─── RECORD SET
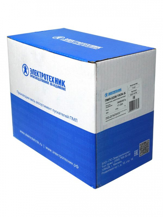 Пускатель электромагнитный ПМЛ-2220 УХЛ4 Б 25А 380В/50Гц AC 1НО IP54 нереверсивный с реле РТЛ-1022-2 17-25А Электротехник ET511478
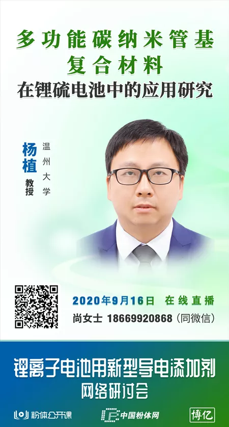2020年9月16日,中国粉体网旗下粉体公开课将举办“锂离子电池用新型导电添加剂网络研讨会”,届时,杨植教授将做客粉体公开课栏目,分享《多功能碳纳米管基复合材料在锂硫电池中的应用研究》课程。请想参加的老师将名字报与陈晓芬进行报名,截止时间今天下午16:00。
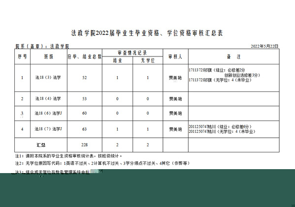 法政學院關于2022屆畢業審核及學位審核結果的公示
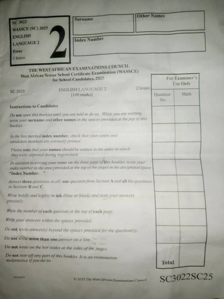 Access the complete WAEC English Language Questions and Answers for 2025 here. This page will be updated with verified solutions to both the objective (OBJ) and essay sections before the exam begins. Be sure to refresh this page regularly to get the latest answers and stay ahead.
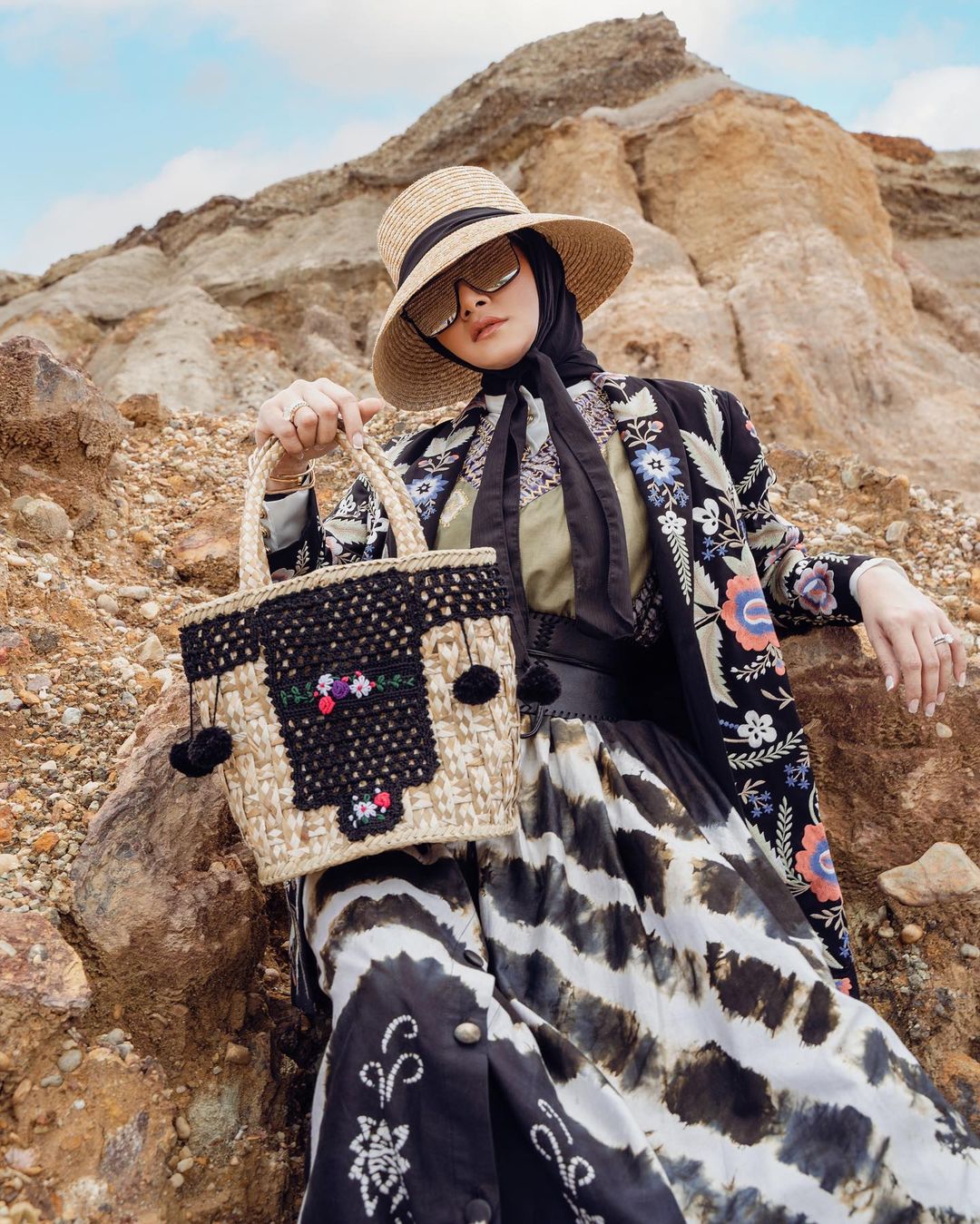 - Olla Ramlan mengenakan kain Sasirangan dengan straw hat dan kacamata. Tak lupa tas purun yang merupakan hasil kerajinan Dekranasda Creative Hub Kota Banjarbaru.
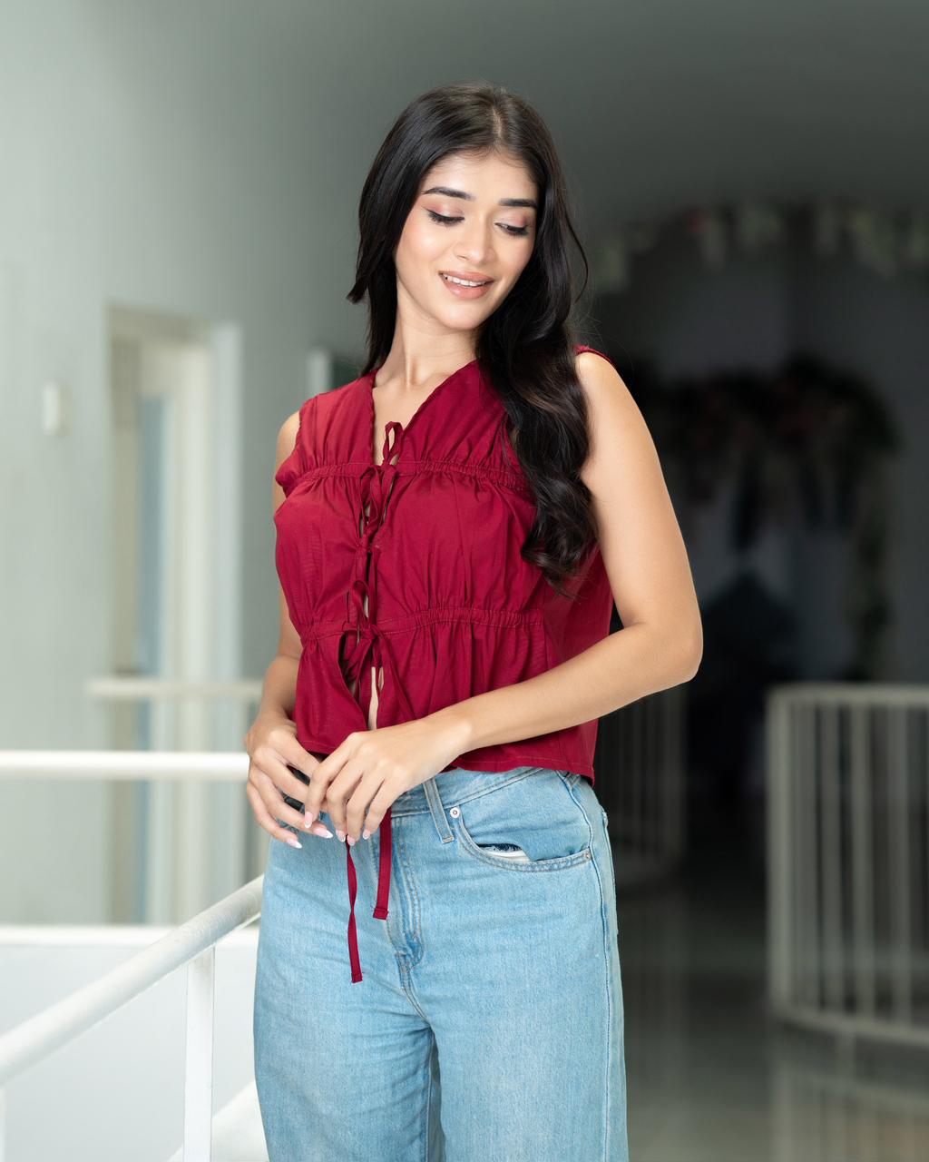 Effortlessly chic and feminine. This maroon sleeveless top features a trendy lace-up front and a flattering cinched peplum waist that creates a beautiful silhouette. Crafted from lightweight, breathable fabric, it’s designed to keep you cool while looking polished
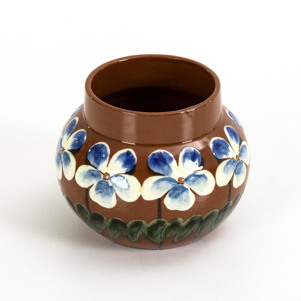 Reddish brown body, floral slip painting in white, green and blue. H 11 cm.
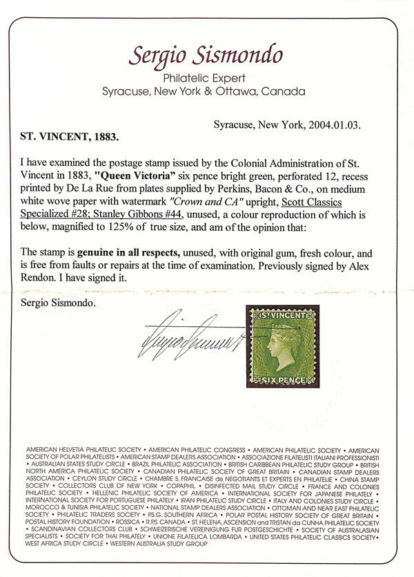 | Zusatzinformationen und Suchstichworte: | Kelleher Auktion 2002. - The Kelleher Club Sale 18. - 20. Oktober 2022 Los 1150 St. Vincent 1880, Königin Victoria, 6d hellgrün, gezähnt 11-12½ (Scott 28), kleines Stern Wasserzeichen, Originalgummi gefalzt, Pracht, signiert Sismondo, mit 2004 Sismondo Attest. Scott $550. Ausruf 100,00 USD |
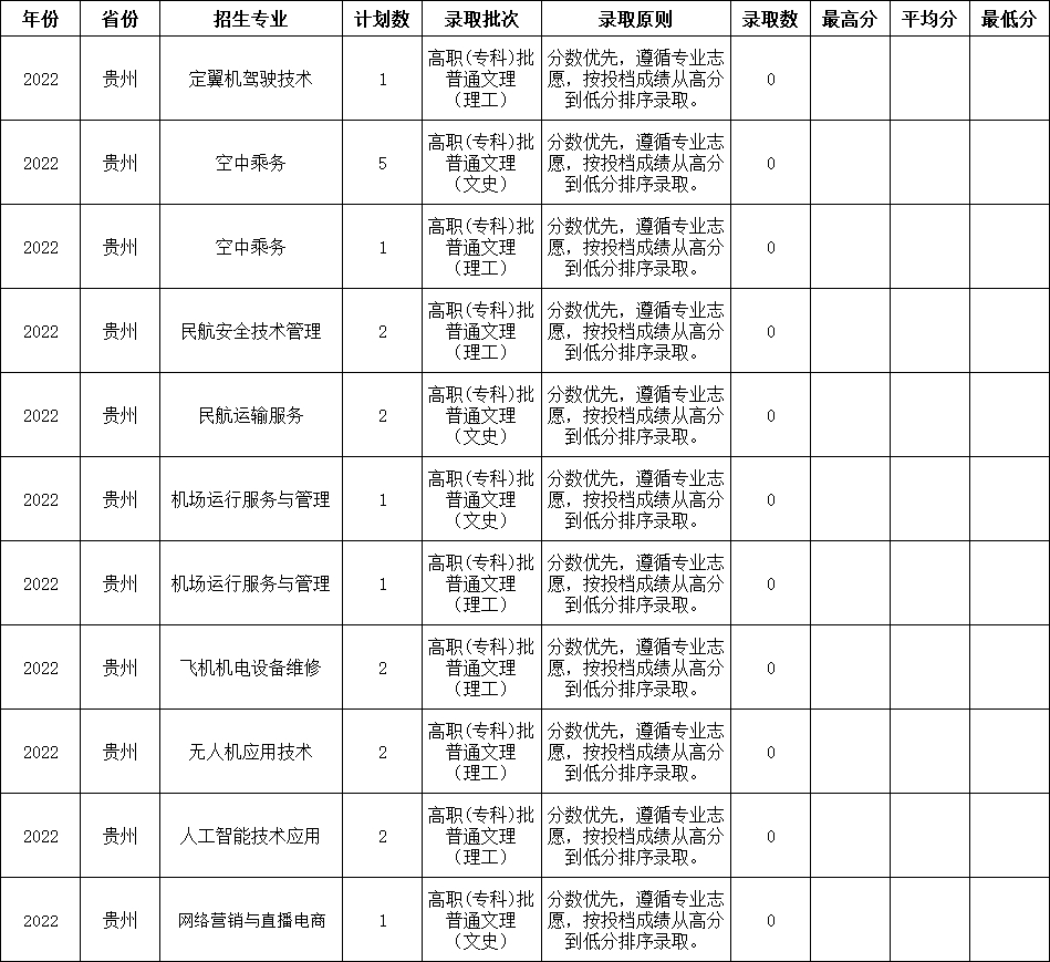 2022.08.13我校在贵州省普通类专科批平行志愿招生录取工作结束,计划20👩🍼,投档0,录取0🫏, 考生可登录http://www.szhkxy.com/Admission/查询录取结果。
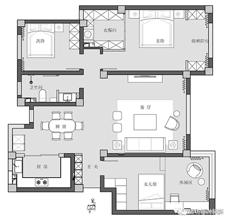 ▲設計改造: *入戶結合過道新建墻體設計一組玄關柜; *拆除廚房和餐廳的墻體,將廚房儲物間納入餐廳,引進自然光線,擴大了餐廳面積同時規劃出一個利用率更高的大廚房; *次衛改成干濕分離,打散狹長的過道同時讓生活更加便捷; *主衛改成衣帽間,儲物功能更強大,視覺空間更開闊,實用性更強。
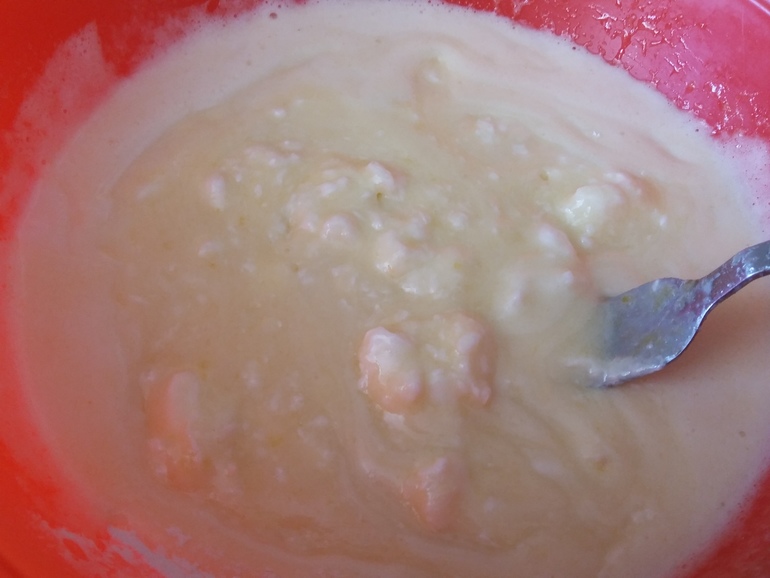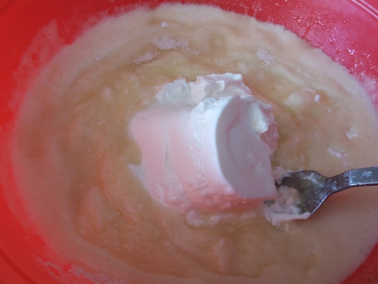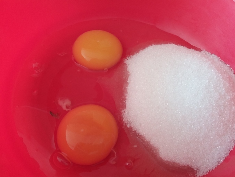 Смешать до пены (вилкой) 2 яйца и 0,5 стакана сахара:
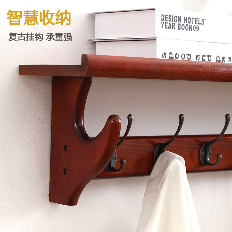 European style hanging hanger at the door Creative wall hanging home bedroom clothes hook entryway solid wood clothing rack
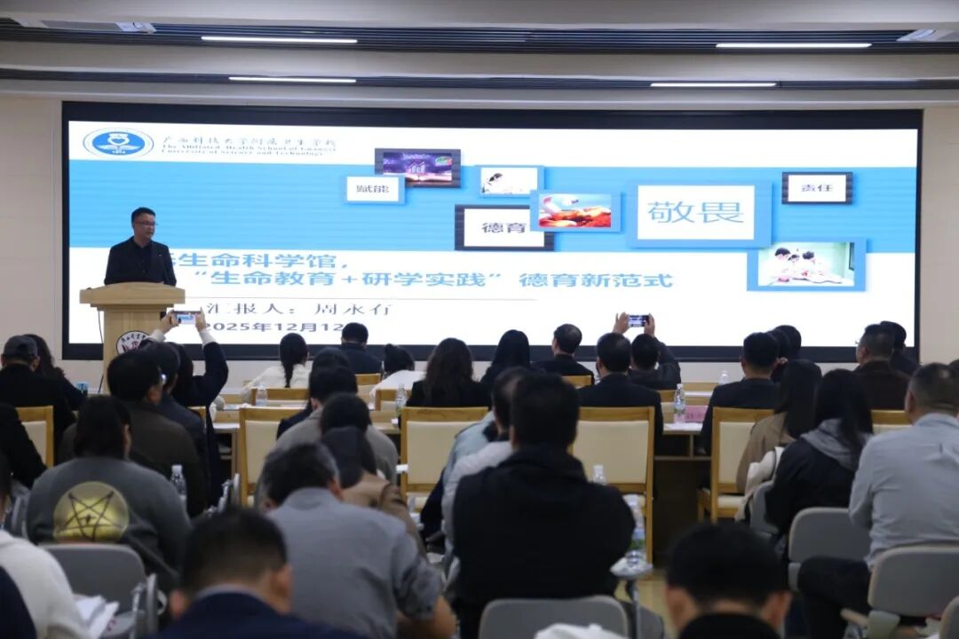在经验交流环节,四所院校的代表先后分享了各具特色的德育实践与思考。广西商业学校校长助理杨林钟以《我们是一片莲》为题,阐释了“莲润五心”德育模式的内涵与实践;柳州城市职业学院副校长周巍分享了《“五维赋能”锻造新时代“匠心”与“匠魂”》的创新举措;柳州市第一职业技术学校副校长林博韬介绍了学校《筑法治之基,育时代工匠》的法治育人模式探索;广西科技大学附属卫生学校副校长周永有则聚焦《依托生命科学馆,构建“生命教育+研学实践”》的实践路径。精彩纷呈的分享为与会者提供了宝贵的经验借鉴。
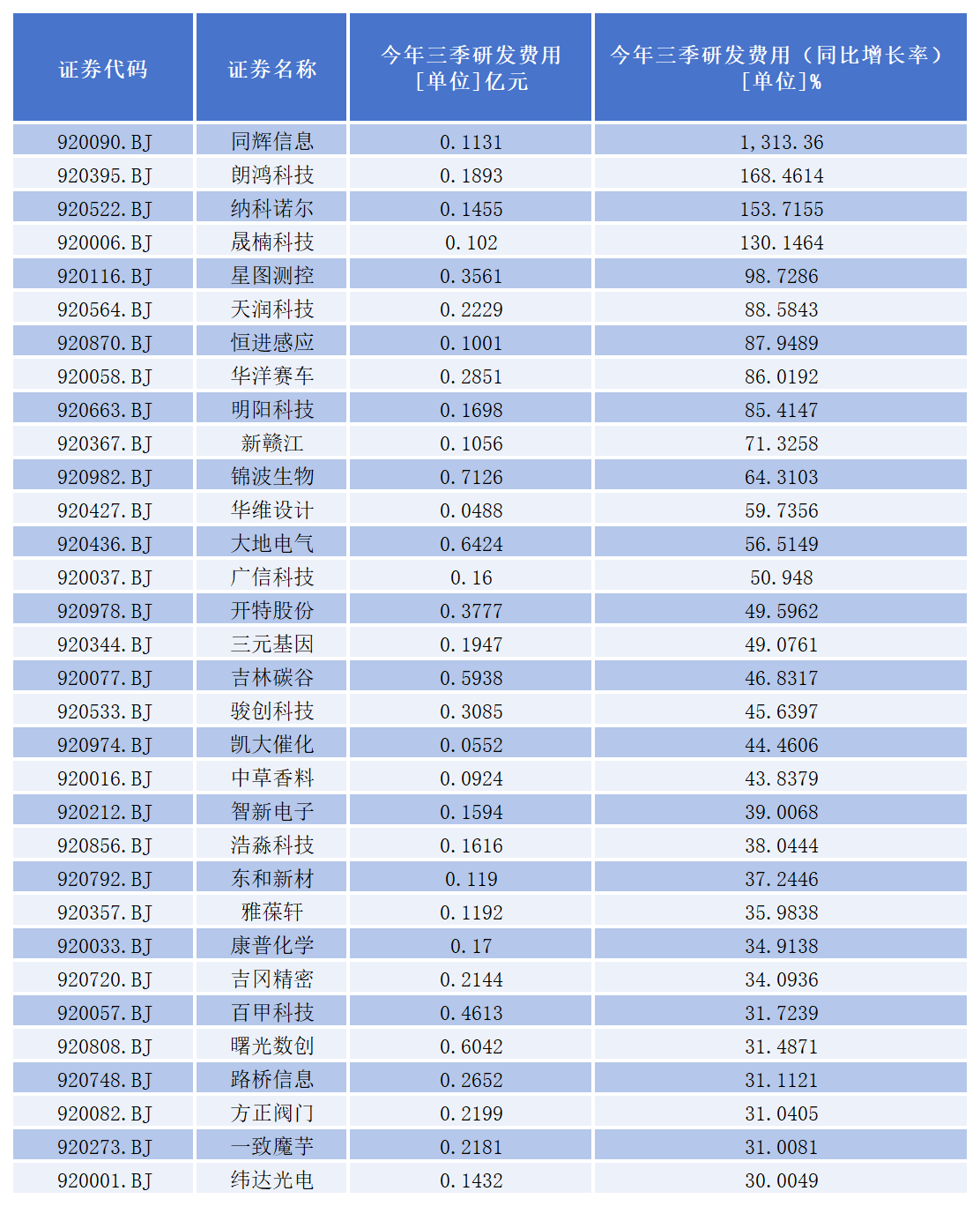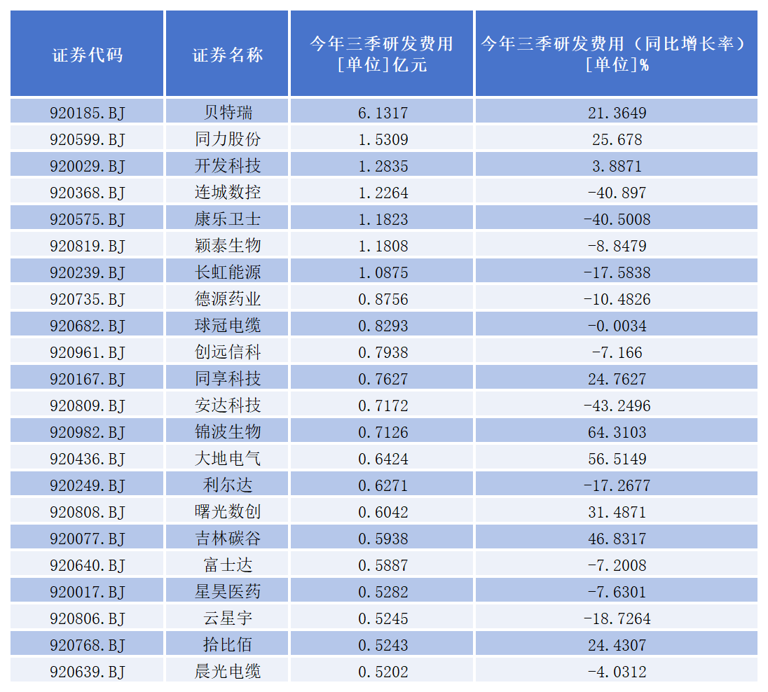 前三季度,158家公司研发投入实现同比增长。其中,同辉信息、朗鸿科技、纳科诺尔、晟楠科技、星图测控、天润科技、恒进感应、华洋赛车、明阳科技、新赣江、锦波生物、华维设计、大地电气、广信科技、开特股份、三元基因、吉林碳谷、骏创科技、凯大催化、中草香料、智新电子、浩淼科技、东和新材、雅葆轩、康普化学、吉冈精密、百甲科技、曙光数创、路桥信息、方正阀门、一致魔芋、纬达光电32家同比增幅超过30%。
──────
• _WORK TO COMPLETE_
In the answer, the entries should be restated verbatim, with all pictures omitted.

• _ANSWER SPACE_
 Пускатель электромагнитный ПМЛ-2220 УХЛ4 Б 25А 380В/50Гц AC 1НО IP54 нереверсивный с реле РТЛ-1022-2 17-25А Электротехник ET511478
2020年9月16日,中国粉体网旗下粉体公开课将举办“锂离子电池用新型导电添加剂网络研讨会”,届时,杨植教授将做客粉体公开课栏目,分享《多功能碳纳米管基复合材料在锂硫电池中的应用研究》课程。请想参加的老师将名字报与陈晓芬进行报名,截止时间今天下午16:00。
 法政學院關于2022屆畢業審核及學位審核結果的公示
 Access the complete WAEC English Language Questions and Answers for 2025 here. This page will be updated with verified solutions to both the objective (OBJ) and essay sections before the exam begins. Be sure to refresh this page regularly to get the latest answers and stay ahead.
 - Olla Ramlan mengenakan kain Sasirangan dengan straw hat dan kacamata. Tak lupa tas purun yang merupakan hasil kerajinan Dekranasda Creative Hub Kota Banjarbaru.
 Effortlessly chic and feminine. This maroon sleeveless top features a trendy lace-up front and a flattering cinched peplum waist that creates a beautiful silhouette. Crafted from lightweight, breathable fabric, it’s designed to keep you cool while looking polished
 Reddish brown body, floral slip painting in white, green and blue. H 11 cm.
 | Zusatzinformationen und Suchstichworte: | Kelleher Auktion 2002. - The Kelleher Club Sale 18. - 20. Oktober 2022 Los 1150 St. Vincent 1880, Königin Victoria, 6d hellgrün, gezähnt 11-12½ (Scott 28), kleines Stern Wasserzeichen, Originalgummi gefalzt, Pracht, signiert Sismondo, mit 2004 Sismondo Attest. Scott $550. Ausruf 100,00 USD |
 2022.08.13我校在贵州省普通类专科批平行志愿招生录取工作结束,计划20👩🍼,投档0,录取0🫏, 考生可登录http://www.szhkxy.com/Admission/查询录取结果。
 ▲設計改造: *入戶結合過道新建墻體設計一組玄關柜; *拆除廚房和餐廳的墻體,將廚房儲物間納入餐廳,引進自然光線,擴大了餐廳面積同時規劃出一個利用率更高的大廚房; *次衛改成干濕分離,打散狹長的過道同時讓生活更加便捷; *主衛改成衣帽間,儲物功能更強大,視覺空間更開闊,實用性更強。
 Смешать до пены (вилкой) 2 яйца и 0,5 стакана сахара:
 European style hanging hanger at the door Creative wall hanging home bedroom clothes hook entryway solid wood clothing rack
在经验交流环节,四所院校的代表先后分享了各具特色的德育实践与思考。广西商业学校校长助理杨林钟以《我们是一片莲》为题,阐释了“莲润五心”德育模式的内涵与实践;柳州城市职业学院副校长周巍分享了《“五维赋能”锻造新时代“匠心”与“匠魂”》的创新举措;柳州市第一职业技术学校副校长林博韬介绍了学校《筑法治之基,育时代工匠》的法治育人模式探索;广西科技大学附属卫生学校副校长周永有则聚焦《依托生命科学馆,构建“生命教育+研学实践”》的实践路径。精彩纷呈的分享为与会者提供了宝贵的经验借鉴。
 前三季度,158家公司研发投入实现同比增长。其中,同辉信息、朗鸿科技、纳科诺尔、晟楠科技、星图测控、天润科技、恒进感应、华洋赛车、明阳科技、新赣江、锦波生物、华维设计、大地电气、广信科技、开特股份、三元基因、吉林碳谷、骏创科技、凯大催化、中草香料、智新电子、浩淼科技、东和新材、雅葆轩、康普化学、吉冈精密、百甲科技、曙光数创、路桥信息、方正阀门、一致魔芋、纬达光电32家同比增幅超过30%。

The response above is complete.